◆ Problem requirements ◆
All the lines below should appear again unchanged, though their pictures should not.

◆ Recorded data ◆
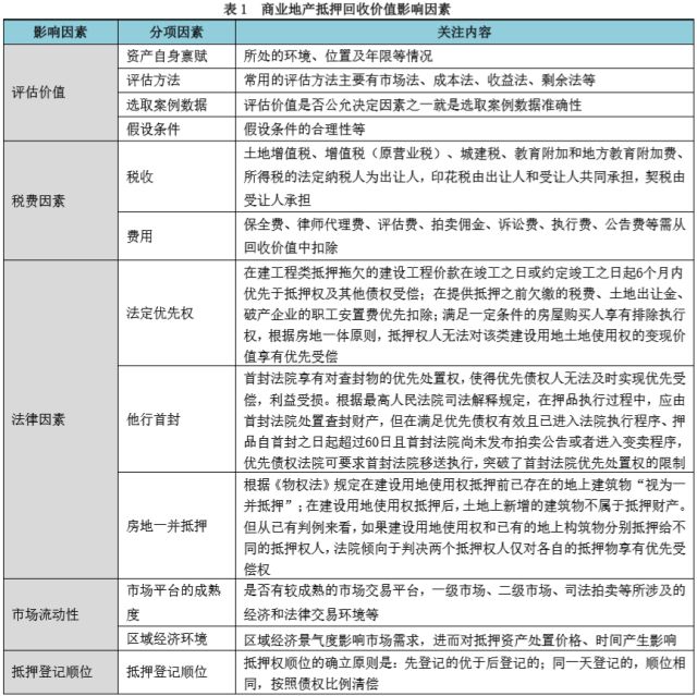 商业地产抵押回收价值评估是对其在强制变现情景下处置价值的评价,不同于正常市场条件下的市场价值,但回收价值分析又必须依托于正常市场情境下价值形成的判断。回收价值影响因素包括评估价值、税费因素、法律因素、市场流动性及抵押登记顺位等,有的因素直接影响回收价值,有的因素通过影响回收时间间接影响回收价值(见表1)。
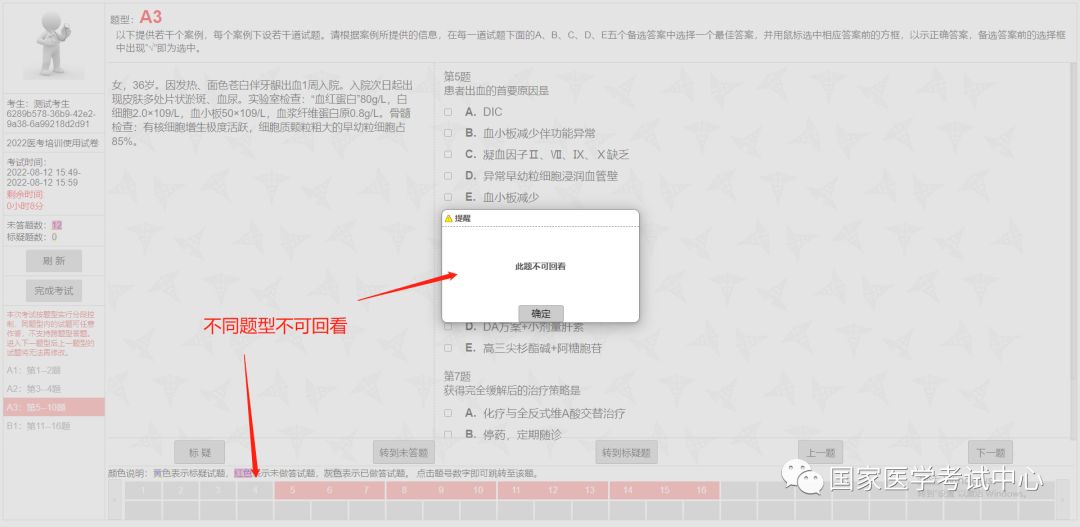 03跨提型不可回看医师资格考试综合考试试卷包括A1 、A2、A3/A4和B1四种题型。为加强考试管理,维护考试公平,计算机化考试“跨题型不可回看”,考生须完成同一题型内全部试题作答后,方可进入下一题型。
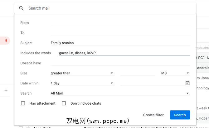 返回Google的搜索栏,并显示其他搜索选项。其中一个框允许按主题搜索。您会从前面的技巧中回想起,还可以在邮件中搜索某些单词。在包含单词框中输入一些相关的单词,如聚会,聚会,活动等,并以逗号分隔。
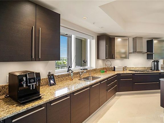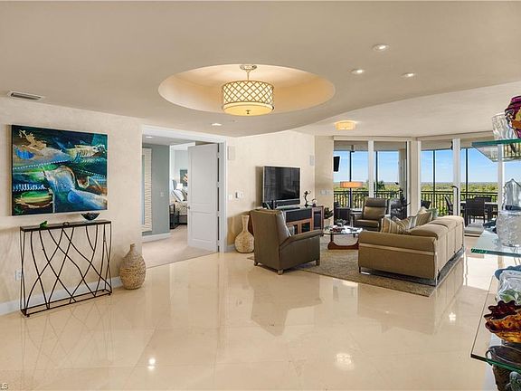 Gorgeous, spacious & pristine! 3 ensuites + den contained in almost 4000 square feet of living space w/9' ceilings & elegant neutral decor. Soak in views through walls of glass or relax on gorgeous wrap around lanais overlooking mangroves, the Gulf & private marina. Marble & carpeted floors, Snaidero cabinetry, Subzero & Wolf appliances are just a few of this home's fine features. This boutique community of only 48 residences offers peace & privacy away from crowds in a recently built, but newly redecorated & meticulously maintained building with private theater, fitness & spa center, guest suites, sky lounge, social rooms, library, pool & cabanas, firepit, putting green, simulated golf & more. Extras include an upgraded Lutron lighting system, security system with remote access, elevator opening directly into the residence, 2 parking spaces & 24 hour front desk security w/concierge level service. Aqua is the perfect opportunity to explore marine interests, with a Yacht Club just next door & a private marina in your back yard. Aqua's North Naples location makes it conveniently accessible to shopping, dining & Mercato--not to mention the straight shot to downtown. Truly unrivaled.

◆ Your response ◆
 商业地产抵押回收价值评估是对其在强制变现情景下处置价值的评价,不同于正常市场条件下的市场价值,但回收价值分析又必须依托于正常市场情境下价值形成的判断。回收价值影响因素包括评估价值、税费因素、法律因素、市场流动性及抵押登记顺位等,有的因素直接影响回收价值,有的因素通过影响回收时间间接影响回收价值(见表1)。
 03跨提型不可回看医师资格考试综合考试试卷包括A1 、A2、A3/A4和B1四种题型。为加强考试管理,维护考试公平,计算机化考试“跨题型不可回看”,考生须完成同一题型内全部试题作答后,方可进入下一题型。
 返回Google的搜索栏,并显示其他搜索选项。其中一个框允许按主题搜索。您会从前面的技巧中回想起,还可以在邮件中搜索某些单词。在包含单词框中输入一些相关的单词,如聚会,聚会,活动等,并以逗号分隔。
 Gorgeous, spacious & pristine! 3 ensuites + den contained in almost 4000 square feet of living space w/9' ceilings & elegant neutral decor. Soak in views through walls of glass or relax on gorgeous wrap around lanais overlooking mangroves, the Gulf & private marina. Marble & carpeted floors, Snaidero cabinetry, Subzero & Wolf appliances are just a few of this home's fine features. This boutique community of only 48 residences offers peace & privacy away from crowds in a recently built, but newly redecorated & meticulously maintained building with private theater, fitness & spa center, guest suites, sky lounge, social rooms, library, pool & cabanas, firepit, putting green, simulated golf & more. Extras include an upgraded Lutron lighting system, security system with remote access, elevator opening directly into the residence, 2 parking spaces & 24 hour front desk security w/concierge level service. Aqua is the perfect opportunity to explore marine interests, with a Yacht Club just next door & a private marina in your back yard. Aqua's North Naples location makes it conveniently accessible to shopping, dining & Mercato--not to mention the straight shot to downtown. Truly unrivaled.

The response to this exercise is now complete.